Dive Brief:
- EHR giant Epic Systems Corp will soon launch its own app store—a company-branded iTunes or Google Play Store for healthcare apps—aimed at creating an independent marketplace for apps related solely to healthcare, according to a report in the Wisconsin State Journal.
- The revelation came not from a press release, but through public statements made by Mark Bakken, co-founder and former CEO of Nordic Consulting, which works frequently with Epic. He was at a luncheon meeting of the Wisconsin Innovation Network when he revealed the plans, which were later confirmed by an Epic spokesperson.
- "Let's say you want to create an app for the iPhone. Apple has automated that online. As long as you play by all the rules, they'll publish it," Bakken told the Journal, explaining that the company will be "publishing a road map about how to work with Epic. Once they officially launch this, then it'll be very, very easy. It will really open the floodgates for anyone that knows Epic to really get their product on the market quickly and in front of Epic's customers. So the distribution channel is huge."
Dive Insight:
Some healthcare media have reported that the move to create an app store might help get Epic out of the doghouse for being too proprietary with their technology. One outlet even ran a piece that linked the opening of the app store to Epic possibly trying to get a major Department of Defense EHR contract. The logic thread was that the DoD is adamant about interoperability, and Epic's reputation for having a closed system might take it out of the running.
That might be a stretch.
True, a handful of healthcare industry figures have publicly stated that Epic is no more a closed system than any other company's EHR solution, and that the company has done far more for the mission of interoperability than for which they get credit. Also, the company's APIs are all built as open-source code available at open.epic.com for anyone to build upon, as promoted on the front page of Epic's website.

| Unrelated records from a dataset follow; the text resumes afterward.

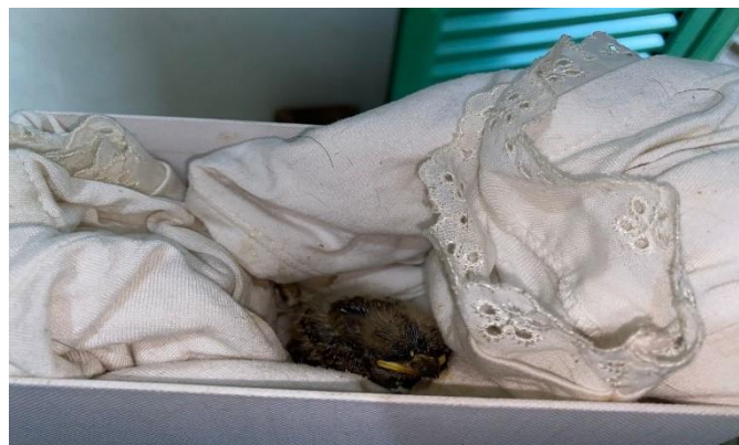
(47667) - Passeriforme, filhote, resgate. Proveniente de Bragança paulista no dia 05-01-2024
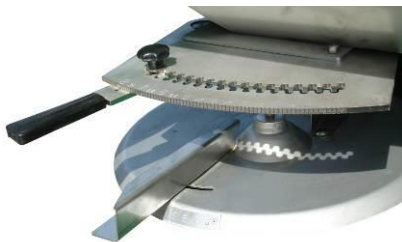
INOX Streuscheibe mit einstellbaren Auswurfschaufeln
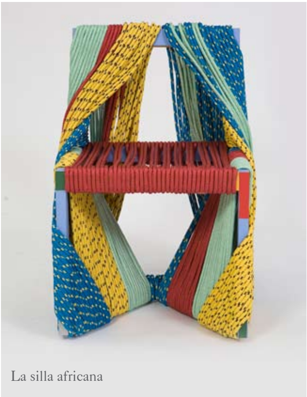
La silla africana
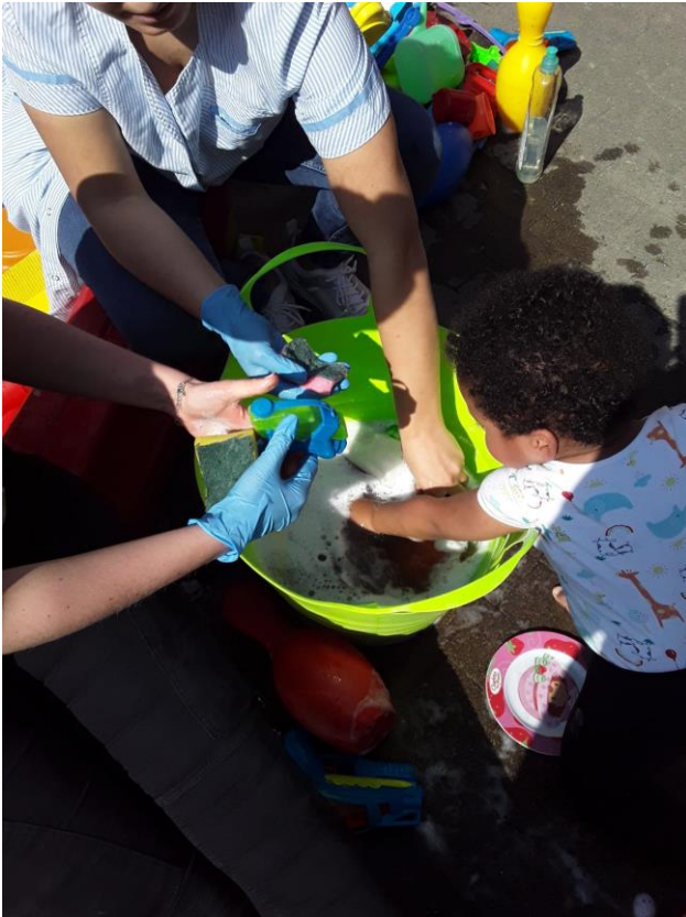
Halte-accueil L'Aquarelle, Laeken

Recherche & Innovation Enfants - Parents - Professionnel·le·s
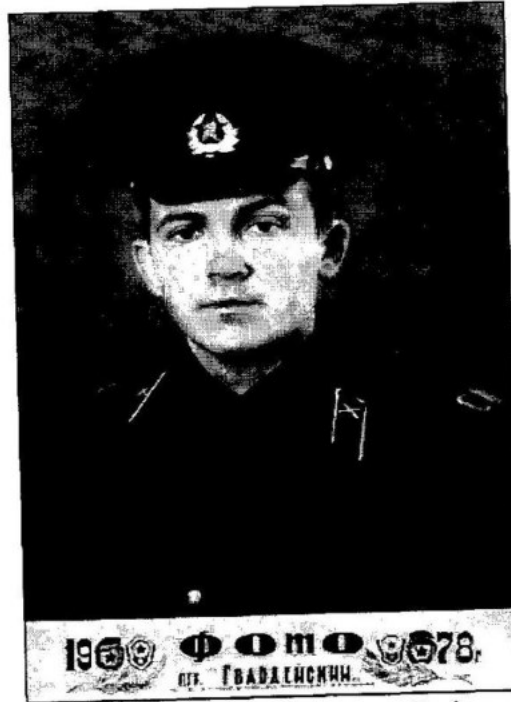
Служба в лавах Радянської Армії. Навчальний підрозділ сержантської школи, смт «Гвардейский» Джамбульської області Казахської РСР, 1977 р.
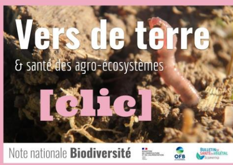
Vers de terre et santé des agro-écosystèmes - Août 2022
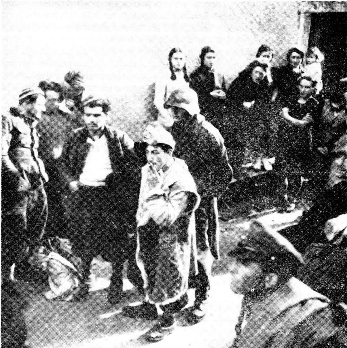
Spruga, ottobre 1944: i partigiani entrati in territorio svizzero, scampati al rastrellamento nazi-fascista, vengono portati a Locarno dall'esercito svizzero.

direttrice Craveggia-bocchetta di Sant'Antonio-Bagni di Craveggia. Chi ha visto solo una volta il posto si rende conto che per i fascisti, in posizione dominante, sarebbe stato facilissimo avere ragione di quella povera gente, imbottigliata nel classico cul di sacco.
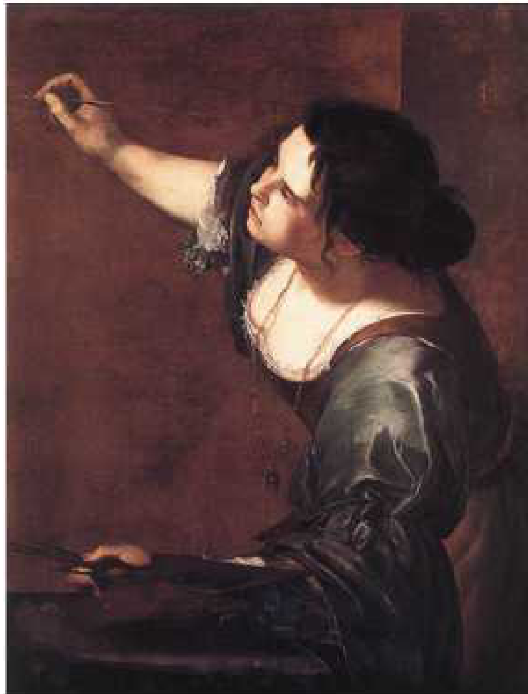
Артемизия Джентилески. Автопортрет в виде аллегории Живописи. 1630-е. Холст, масло. Королевское собрание, Виндзор

Начало биографии Артемизии Джентилески было, впрочем, вполне традиционным для большинства женщин-художниц: она была дочерью живописца, причем весьма значительного — Орацио Джентилески (1553—1639), одного из наиболее оригинальных последователей Караваджо в Италии. Понятно, что отец был первым учителем Артемизии, очень рано проявившей способности к живописи: вполне профессиональная картина «Сусанна и старцы» датирована 1610 годом, соответственно, художнице было тогда 17 лет. (До сих пор нет единого мнения по поводу атрибуции картины, некоторые искусствоведы полагают, что она была
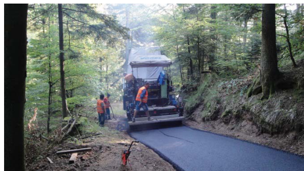
Réfection du chemin de Chat Pendu...

Pour réaliser ces investissements, nous avons bénéficié en 2011 de 84065 € de subvention du département du Haut Rhin, de la région, de l'Ademe et de l'Etat, dont 75685 € concernant la chaufferie bois.
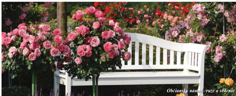
Občiansky námet - ruže a sedenie

O pláne vybudovať nové zdravotné stredisko a spolu s ním nový verejný priestor s bývaním, službami a občianskou vybavenosťou na mieste dnešného dožívajúceho zdravotného strediska a vybudovať tak nové malé centrum Rusoviec, sme Vás informovali v poslednom čísle. Určite ste zaregistrovali, že odvtedy prebehla občianska participácia k tomuto priestoru - o jej výsledkoch vám píšeme dnes.
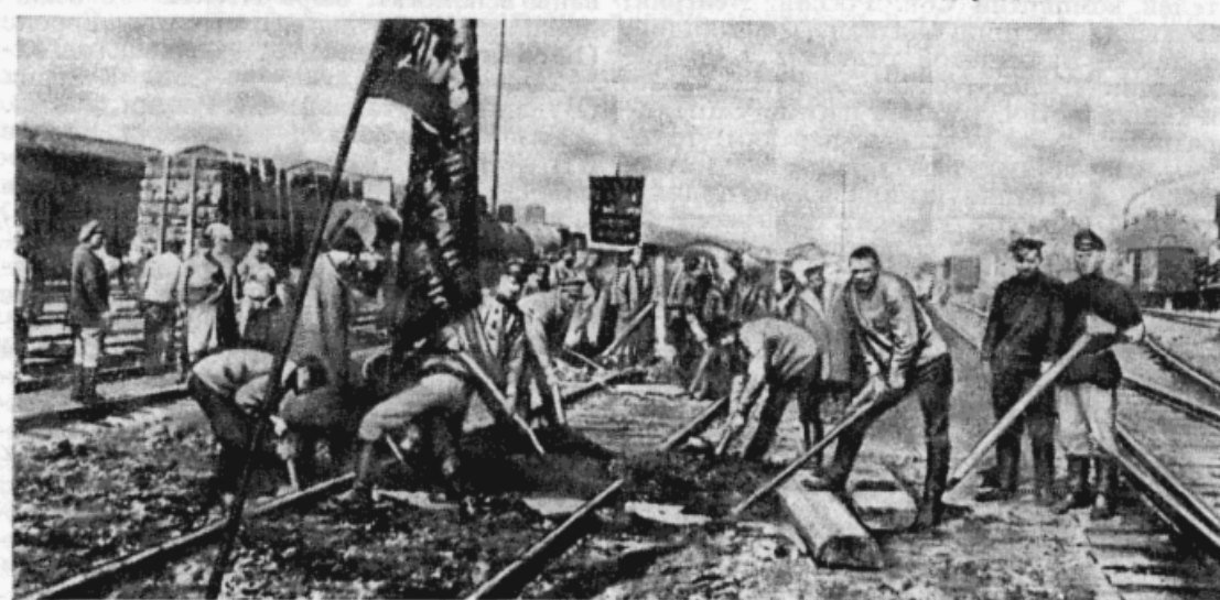
Массовый субботник на Московско-Казанской железной дороге.

храбрости и выносливости, отстаивая завоевания социалистической революции. Медленно и трудно идет изживание партизанщины, преодоление усталости и распушенности, но оно идет вперед несмотря ни на что. Героизм трудящихся масс, сознательно приносящих жертвы делу победы социализма, вот что является основой новой, товарищеской дисциплины в Красной Армии, ее возрождения, укрепления, роста.
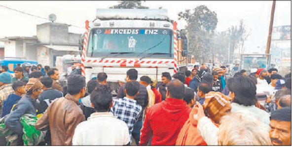
घटना स्थल पर लोगों की भीड़।
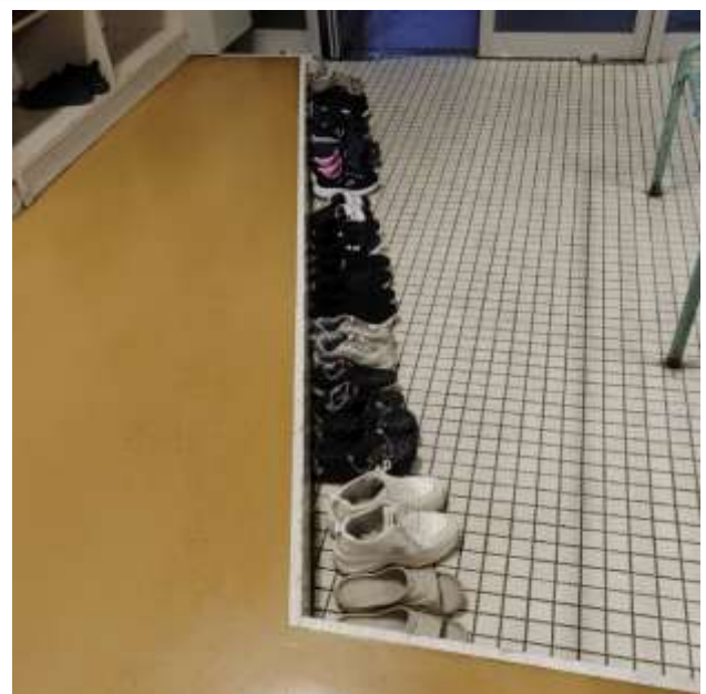
6月1日(月)19:00頃、体育館玄関 スポーツ少年団「ジュニアバレーボールクラブ」

*毎回きれいに並んでいる靴に感動しています。 *もちろん他の団体の方もきれいに並んでいます。
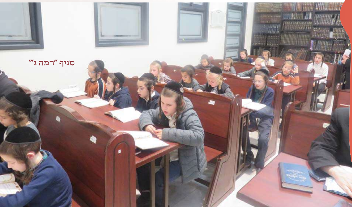
סניף "רמה ג"
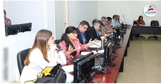
FORUM ESTADUAL DE REGULAÇÃO
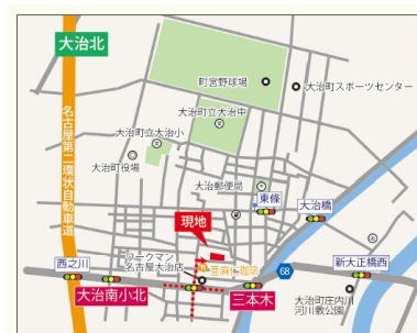
カーナビ検索 愛知県海部郡大治町三本木寒宿 5

現況と異なる場合には現況を優先します。 該当物件が建築条件付き宅地だった場合、土地売買契約締結後3カ月以内に売主と住宅の建築請負契約を締結していただくことを条件として販売いたします。 この期間内に住宅を建築しないことが確定したとき、または住宅の建築請負契約が成立しなかった場合は、土地売買契約は無効となり、 受領した金額は全額無利息でお返しします。
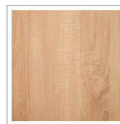
Дуб Сонома светлый
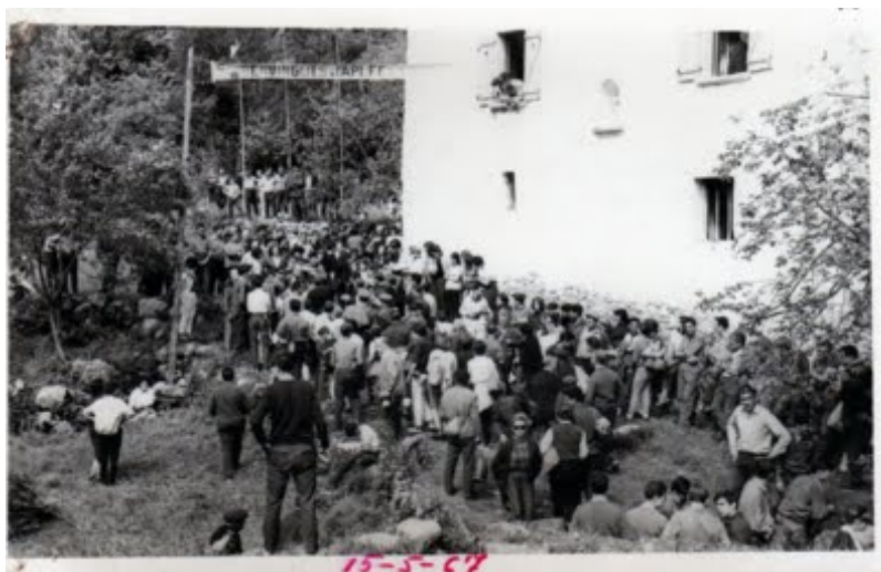
El refugi de Sant Aniol

L'any 1957, després de molts esforços, treballs i dedicació personal d'un bon grup de persones de l'entitat i també alienes, es va inaugurar el REFUGI DE SANT ANIOL D'AGUJA, i es recuperà la celebració del secular APLEC DELS FRANCESOS, interromput pel llarg període de guerres que acabava de viure Europa. A la diada de l'Aplec de 1962 es va col·locar la campana Coral·lí. El nom escollit va servir per homenatjar l'escriptor olotí Marià Vayreda que amb la seva novel·la "La Punyalada" descrivia molt bé aquelles contrades i les seves gents.
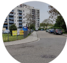
Die Stichstraßen haben eine hohe Auslastung, vor allem zu Stoßzeiten
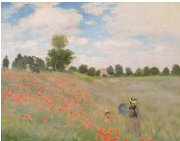
Vlčí máky v Argenteuil, Claude Monet
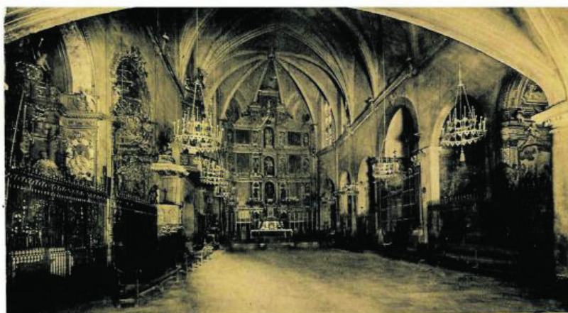
REUS — Interior de l'Església Parroquial de Sant Pere Interior de la Iglesia Parroquial de San Pedro
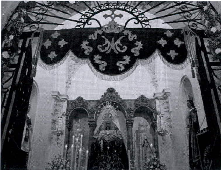
Foto 1. Primero de abril de 2016. La Virgen de los Dolores en su capilla el día del 50 Aniversario.

El escrito que este año damos a la estampa en la Revista de Feria contiene el texto íntegro de nuestra intervención en los Solemnes Actos con motivo del 50 aniversario de la bendición de la Sagrada Imagen de Nuestra Señora de los Dolores, organizados por la Centenaria Hermandad y Cofradía de Ntro. Padre Jesús Nazareno y Ntra. Sra. de los Dolores. Dicha colaboración tuvo lugar en la Parroquia de San Bartolomé de Espejo, el día 25 de septiembre de 2016.
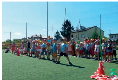
Która drużyna wygra

A co dzieci robią w wakacje w Przedszkolu? To samo, co przez pozostałe 10 miesięcy roku szkolnego, uczą się i bawią,
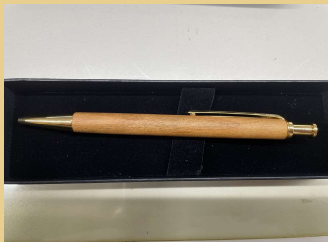
山桜を使用した木軸ボールペン

・カーボンオフセット量（370t-CO 2 ）について、市民が実感しやすい表現として、市内を循環するごみ収集車29台から排出される温室効果ガス1年分に相当とした。
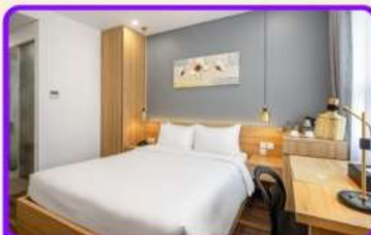
พักเมืองดานัง 4 ดาว 2 คืน
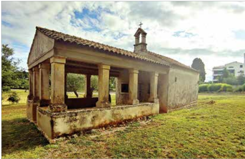
A tenger mellett a történelmi emlékek is vonzóak

A fentiek ellenére sem ugyanolyan egyszerű egy külföldi vakáció megszervezése, mint a járvány előtt, hiszen minden ország más és más beutazási feltételeket határoz meg, melyek akár naponta is változhatnak, ráadásul az egyes oltástípusok elfogadottsága is változó. Az elérhető információk is gyakran pontatlankok, az interneten, főleg a közösségi médiában pedig elképesztő álhírtömeggel találkozhatunk.
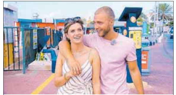
...Algun imágen di e episodio di The Bachelorette grabá na Kòrsou...

ku un bista espektakular di Willemstad for di altura. E pareha a sigui ku nan trep den e famoso Volkswagen bús 'Betty', pa haña un bista mas amplio di Kòrsou su naturalesa i paisahenan. E protagonistanan a hasi un parada pa disfrutá di un piknik romántiko na un playa privá serka di Porto Marie. E date a terminá ku un sena eksklusivo na Baoase Luxury Resort, kaminda nan a pasa anochi.
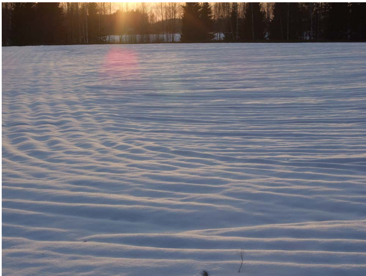
Ziemas sega Sēlijā

Lai jums veselīgs gads! Visi veseļosimies caur Kris-tus svētību, ko Viņš pelnījis pie krusta. Ikkatram grēci-niekam, kas grib atgriezties no grēka un nāves! Ja gribi būt vesels un priecīgs, ielāpi neder.
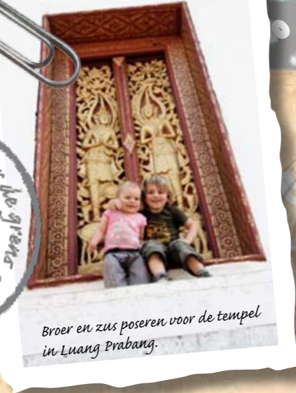
Broer en zus poseren voor de tempel in Luang Prabang.
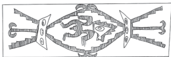
Figura 2. Personaje con máscara felínica.

El tipo denominado “Personaje con máscara felínica” está presente en nuestra muestra a través de dos piezas (Figuras 2 y 3).
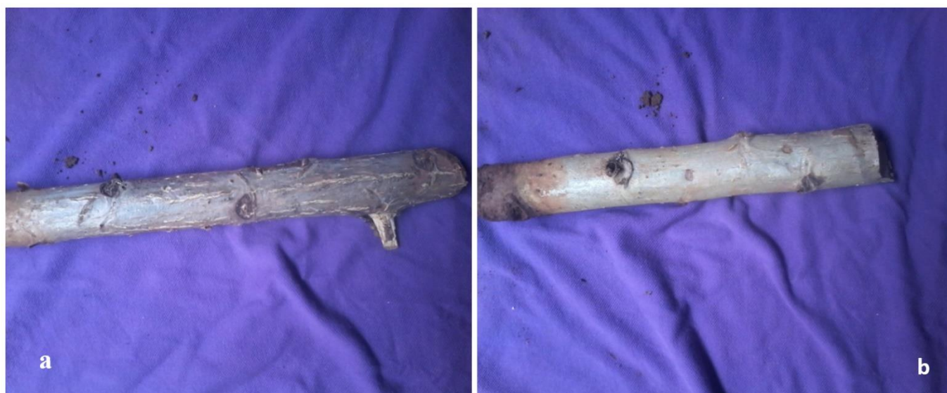
Fig. 1. Bouture aotée (a) et bouture semi-aotée (b) prélevées sur un arbre adulte de Ricinodendron heudelotii var. heudelotii

la lignine est bien formée. Un total de 540 boutures a été prélevé. Chaque bouture porte au moins un nœud et mesure 14 cm de long ( Figure 1 ).
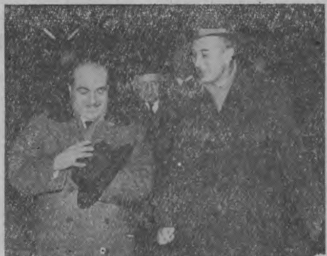
NA ZDJĘCIU: minister Luigi Preti w towarzystwie ministra Handlu Zagranicznego W. Trąpczyńskiego na Dworcu Głównym w Warszawie.

W związku z rokowaniami handlowymi polsko-włoskimi w dniu 5. II. 1963 r. przybył do Warszawy minister Handlu Zagranicznego Włoch, Luigi Preti.
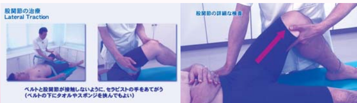
股関節の治療 Lateral Traction ベルトと股関節が接触しないように、セラピストの手をあてて(ベルトの下にタオルやスポンジを挟んでもよい)
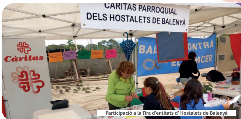
Participació a la Fira d'entitats d' Hostalets de Balenyà

Càritas participa en esdeveniments amb l'objectiu de sensibilitzar a la ciutadania i donar a conèixer les accions socials que duu a terme.
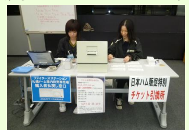
チケット業務の様子

6月からは商品開発、販売、管理を行う部署でグッズに関わる業務に就きます。気持ちを新たに、また様々なことを学んでいきたいです。
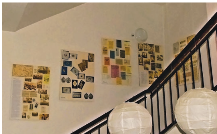
Svatý Ignác v pohybu
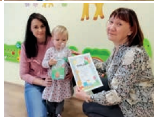
Wszystkie maluszki otrzymały pamiątkowe dyplomy

Gratulujemy wszystkim uczestnikom pięknych i kreatywnych prac.
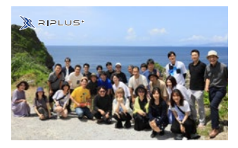
2022年7月 株式会社リプラス設立20周年記念事業実施

クラウドを通じてデータ送信を行う際も「御社のブランドを冠したクラウド」でデータのやり取りが可能に! まるで自社クラウドのようTENMAが使い易く進化しました
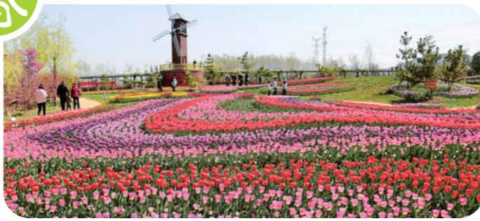
左上：常山景区 右上：范公亭公园 左下：东营市河口区鸣翠湖景区 右下：枣庄莲花山生态园
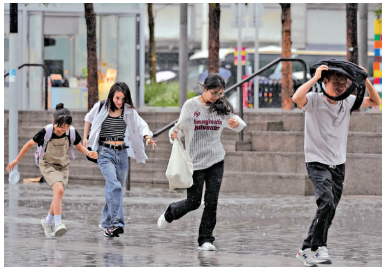
▲本港昨日下午強雷雨襲港，狂風大作。

【大公報訊】本港昨日天氣突然變壞，天文台昨日下午3時發出黃色暴雨警告信號，到3時20分左右在大埔接獲冰雹報告，至下午4時35分取消黃色暴雨警告信號，其間強雷雨襲港，狂風大作。
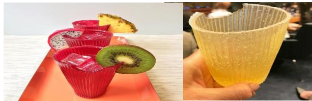
Figura 6: Copos comestíveis feitos de algas.

Tendo a resistência, textura e uma capacidade semelhante ao papel-filme. Além de comestível essas embalagens podem ser usada como tempero para os alimentos, adubos para plantas, caso o não use ela para o consumo, o consumido pode descarta este de duas formas, ele pode dissolver o plástico na água e descarta pela pia que ela será tratada na rede de esgoto naturalmente, ou descarta no lixo, pois a embalagens se decompõe em poucos meses e vira adubo, e não causara nenhum impacto para o meio ambiente (MATTOSO,2016. p. 1).
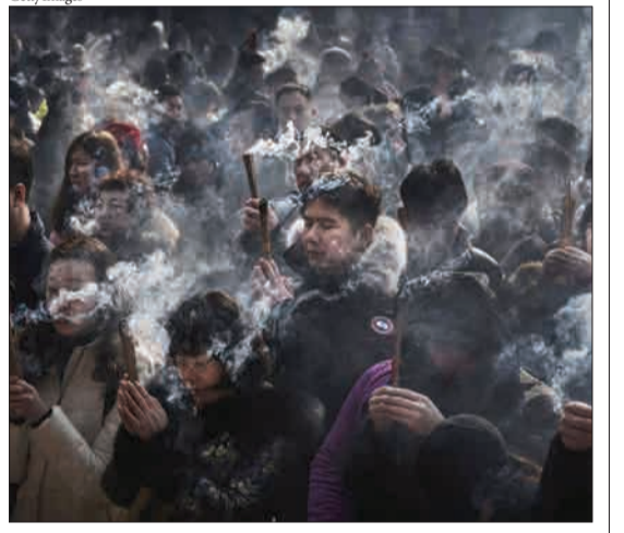
پکن، چین - مردمی که برای آینده خوب در اولین روز سال جدید در معبد لامادعا می‌کنند

But an open API doesn't turn a proprietary platform into a free-for-all, nor does an app store. This latest move is significant for the reasons stated by Bakken, but not necessarily because Epic will prove that it's open to building a truly interoperable EHR. Despite its apparent willingness to walk the interoperability path, most observers agree that it still has a ways to go. Rolling out an app store may be a sexy move, it doesn't move the needle on interoperability.